Together with researchers in Finland and Switzerland, she has used machine learning and created an algorithm for investment decisions. The algorithm’s decisions were based on the same data that was available to the angel investors at the time, which included pitch material, social media profiles, websites, and so on.

The researchers then used the data to train an algorithm on common information for investors to make decisions on, and linked the information to a start-up company's chances of survival and returns.

The algorithm has picked out what it sees as the most promising investments from 623 investment offers available for a European network of angel investors. The researchers compared the returns in the start-up companies that the algorithm selected against the returns in 255 angel investors' portfolios. It has also been studied whether the return differs depending on how experienced the angel investors are, ie how many previous investments they have made. Those who in the study are called "experts" have at least ten previously made investments. If there are fewer, they are called "novices".

The results, now published in the Harvard Business Review, show that:

  • The algorithm generally makes better investment choices than angel investors.
  • Angel investors are affected by bias* in their investment choices, which impairs investment choices, especially among novices. They are more affected by bias such as opting out of investments in women entrepreneurs and in entrepreneurs with a foreign background.
  • Experienced angel investors achieve higher returns, but only those who are able to counteract bias achieve better results than the algorithm. Experienced angel investors who are affected by bias have significantly lower returns than the algorithm.

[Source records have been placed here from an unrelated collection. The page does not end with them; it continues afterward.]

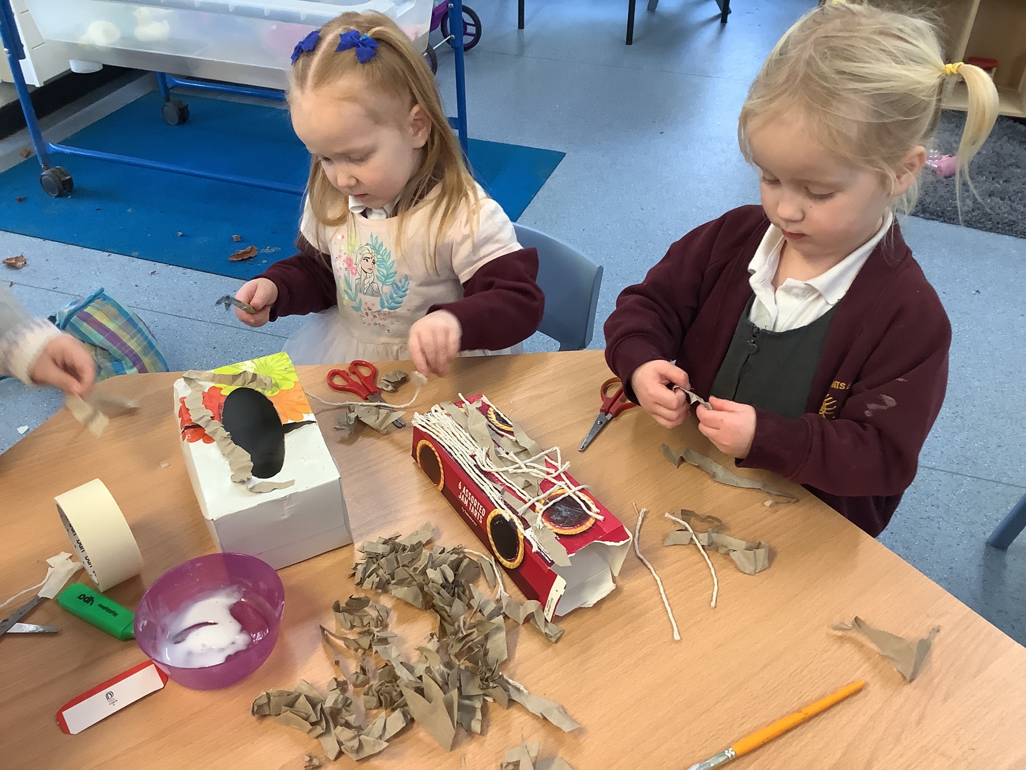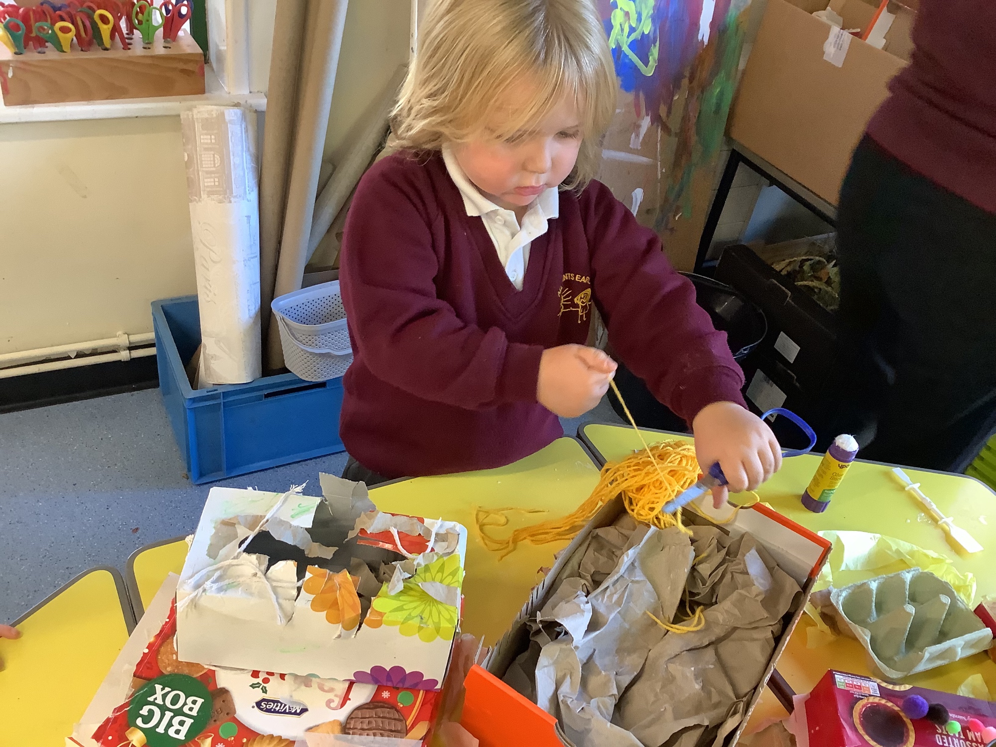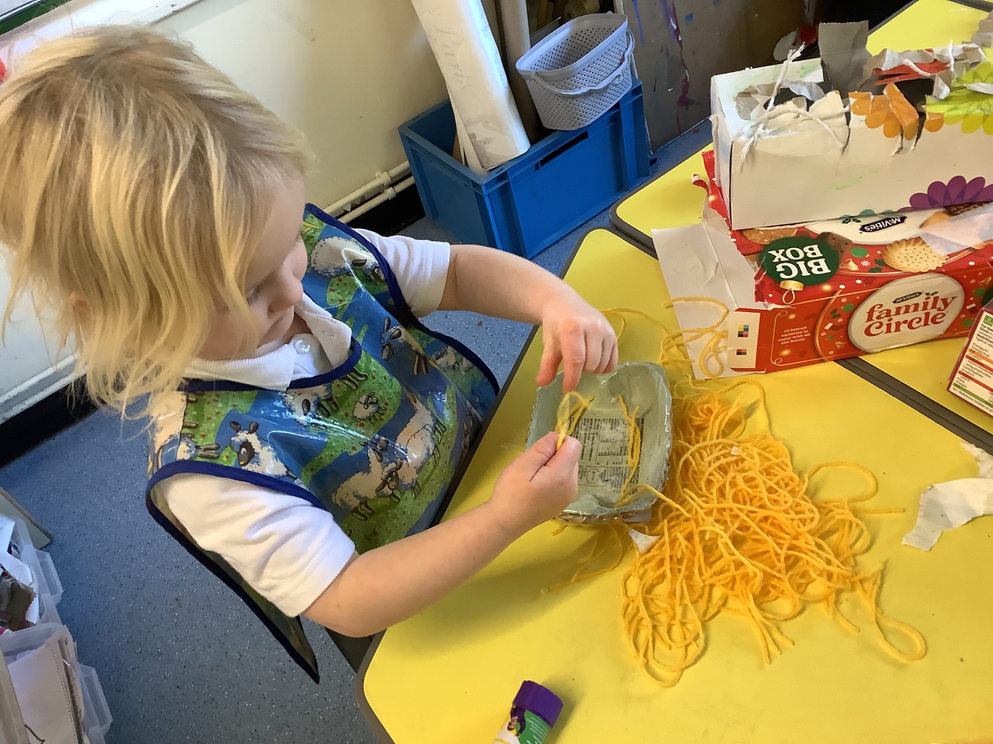 We talked about the special crib that baby Jesus would have lay in and wondered whether it would have been comfortable filled with soft straw. We compared it to what babies sleep in today and talked about the differences. The children worked together to make a class crib, adding different materials to make it more stable and cosy. Some children then wanted to create their own individual cribs and we were delighted to see so many wonderful and imaginative designs.
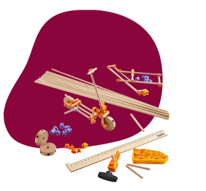 Estruturas criativas ganham forma ao conectar as varetas por meio de juntas de encaixe. O conjunto inclui 22 sugestões de projetos, mas é possível criar um número infinito de construções próprias — especialmente porque novas varetas podem ser facilmente compradas em lojas de materiais de construção.
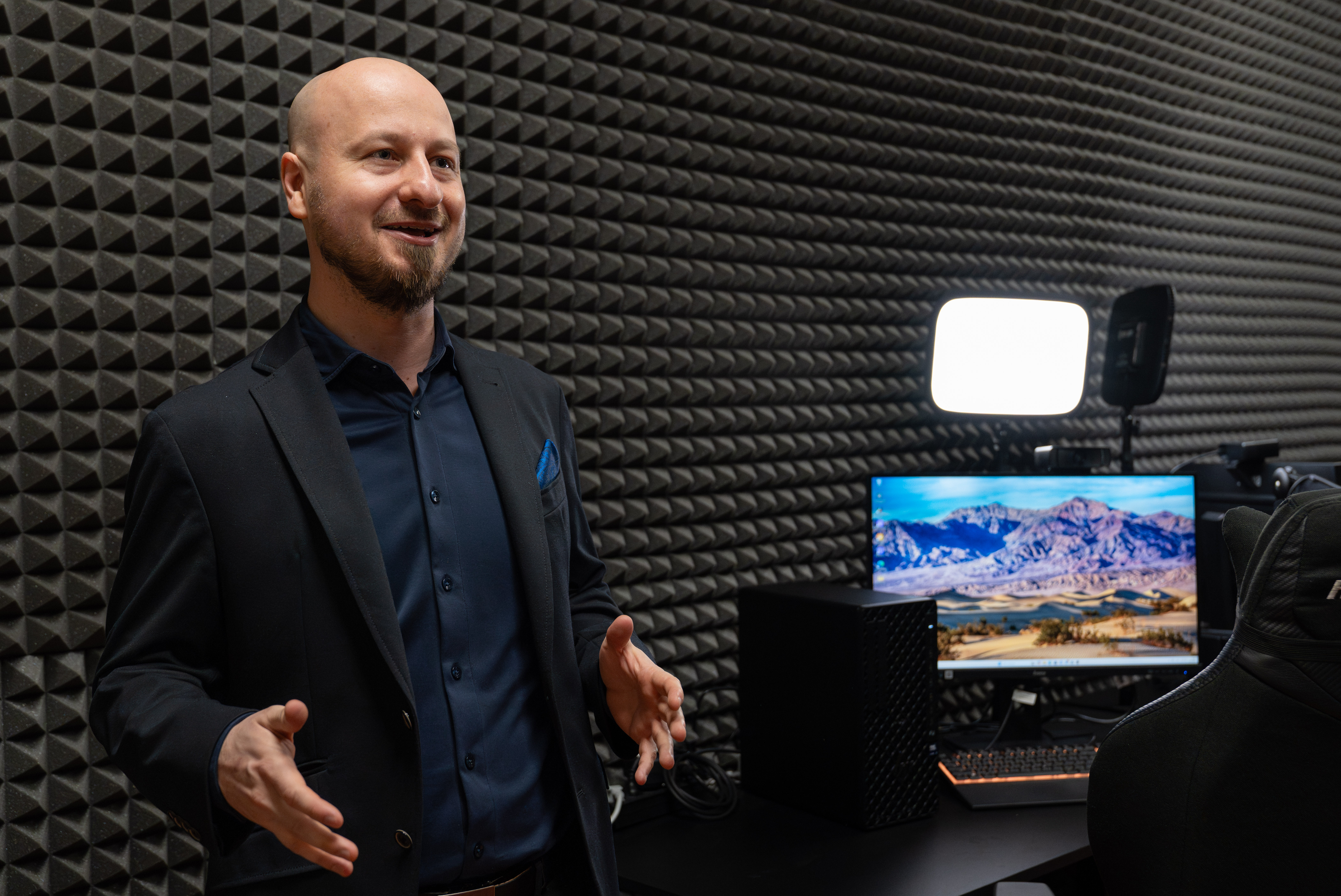 Studio wyposażono również w dwa stanowiska pracy z komputerami, monitorami oraz ergonomicznymi biurkami o elektrycznie regulowanej wysokości i fotelami z zagłówkami, umożliwiające komfortową pracę indywidualną i zespołową, w tym realizację wywiadów. Całość uzupełnia profesjonalne oprogramowanie z pakietu Adobe Creative Cloud do montażu i postprodukcji materiałów.
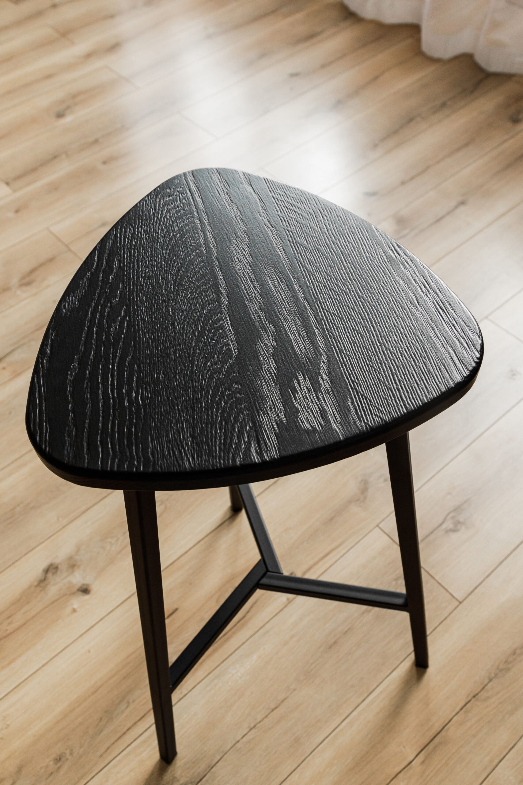 Полубарный табурет с вогнутым сиденьем. Материал: цельноламельный массив дуба, металл.

– The algorithm can be seen as a complement to make better investment choices. But while the algorithm can provide support for decisions, it does not replace human decision-making. Rather, a combination can be a good model, especially for inexperienced investors, says Malin Malmström.

Not free from bias

The research results show that the algorithm also has bias built into its core. Although yield and survival are relatively objective data, the data with which the algorithm is fed are not free from bias. Malin Malmström emphasizes that AI itself is not irrational but reproduces previous irrational decision patterns, such as social inequality, which then follows in the form of historical data when the algorithm is developed.

– If women have been denied funding or received less funding earlier and therefore had a poorer development, it will be something that the algorithm takes further. Using AI to fight inequality is challenging, she says adding:
– It requires an awareness and norm-critical analysis in the development of algorithms where consideration for and pairing of bias is included from the beginning of the algorithm development. Otherwise, future AI risks reflecting, projecting and passing on grounds of discrimination that reinforce social inequality and harm economic development and growth.

* To be unconsciously selectively aware of such information that confirms one's own perceptions or perceptions, which can lead to systematic errors in the collection and interpretation of information.